Is Drug Addiction a Disability?
- November 13, 2020
Drugs, such as heroin, cocaine, meth, and prescription pills, have destroyed the lives of millions of Americans. The abuse of any of these or other drugs can quickly lead to addiction, which is notoriously difficult to break free from. It is no secret that the United States has continually faced exceptionally high rates of drug addiction and overdose. In 2019 alone, approximately 72,000 people died of drug overdoses. Two-thirds of those deaths involved opioids like heroin and prescription painkillers. Rates of treatment admissions still fall below 25% despite outreach and accessibility. There is no doubt that in the United States, drug addiction is still something that has a grip on millions of people.
And while all these people are going through the same thing, there is still a huge misconception and stigma surrounding addiction. Some people continue to think that addiction is the result of a choice, despite science showing that addiction is a progressive disease of the brain. Others are educated on addiction as a disease, while some have minimal knowledge about it at all. Because of these differences, it is common for some people to think that addiction is something that it is not, such as a disability.
What is a Disability?
According to the Centers for Disease Control and Prevention (CDC), a disability is defined as “any condition of the body or mind (impairment) that makes it more difficult for the person with the condition to do certain activities (activity limitation) and interact with the world around then (participation restrictions).” The World Health Organization (WHO) states that disability has three dimensions, including:
- Impairment – being physically and/or mentally compromised in ways that causes impairment, such as missing a body part or having hearing loss
- Activity limitation – having problems engaging in activity due to issues related to things such as vision, mobility, hearing, etc.
- Participation restrictions — Being unable to participate in daily activities, such as working, going to school, engaging in physical hobbies, etc.

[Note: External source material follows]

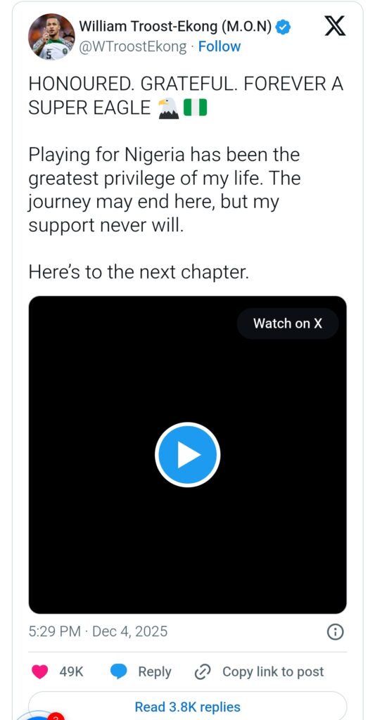 Nigeria’s captain, William Troost-Ekong, has retired from international football, days after he was included in the Super Eagles’ provisional squad for the 2025 Africa Cup of Nations (AFCON) billed to start on December 21.

People can be born with disabilities or develop them later on in life. Some common disabilities include the following:
- Spina bifida
- Down syndrome
- Cerebral palsy
- Fetal alcohol syndrome
- Hearing loss
- Brain injury
- Alzheimer’s disease
These are just the tip of the iceberg in regards to disabilities, as there are several of them. However, addiction is not one of them.
Why Isn’t Addiction a Disability?
When reading the definition of a disability, it almost seems like addiction fits the bill. Being addicted to drugs or alcohol causes impairment, activity limitation, and participation restrictions, right? Well, in many ways, yes, but in general, no. Here’s why:
- Being addicted to drugs or alcohol creates impairment, there is no doubt about that. However, that impairment can be remedied by abstaining from further substance abuse. A disability refers to something that is a permanent condition. And while addiction is a permanent disease, the impairment that goes along with it is not.
- One of the most common symptoms of addiction is no longer engaging in activities that were once enjoyed. When WHO describes activity limitation as causing people to struggle to engage in the activities around them, addiction does not meet the criteria. That is because while addiction certainly limits a person’s involvement in activity, that can be fixed if the person stops using drugs.
- People with disabilities are not always able to participate in the things they want because their disabilities do not allow them to. For example, someone with Alzheimer’s disease may not be allowed to drive a vehicle any longer because they have memory impairment problems. When someone is under the influence of drugs, they can still do things such as drive a car even if they shouldn’t. They have the physical capacity to do so, as well as the mental capacity despite being under the influence. Once the high wears off, they should have no problems driving a car, while someone with Alzheimer’s disease does not experience the same opportunity.
Addiction is not a disability, it is a disease. The continued abuse of drugs causes structural changes in the brain that make it more difficult for a person to stop using. The more drugs are abused, the more severe these changes become. While recovering from drug addiction can be extremely challenging, it is possible. Addiction is a treatable disease.
Can Drug Addiction Ever Be Considered a Disability?
Even though addiction is not classified as a disability, a person can receive disability benefits as a result of their addiction. If you have a drug addiction and are considering filing for disability, you are not guaranteed approval. According to the Social Security Administration (SSA), the process that occurs after you apply for disability related to your addiction is as follows:
- It must be determined that you are disabled and have medical evidence of your drug addiction
- If that is determined to be true, it must then be determined if your drug addiction is a contributing factor to the determination of disability
- It must be determined if you would still be disabled if you weren’t addicted to drugs by evaluating current physical and mental limitations
- If it is determined that your drug addiction is not a contributing factor to your disability as a result of those steps, then you will not be approved for disability benefits
- If it is determined that you are disabled due to your drug addiction, you may be approved for disability benefits
Drug addiction can produce some severe mental and physical health complications that can last far longer than the active addiction does. In many cases, drug addiction does leave people disabled. However, if you are actively addicted to drugs, there is a large chance that you will not be approved for disability unless you already have a circumstance in which you are disabled.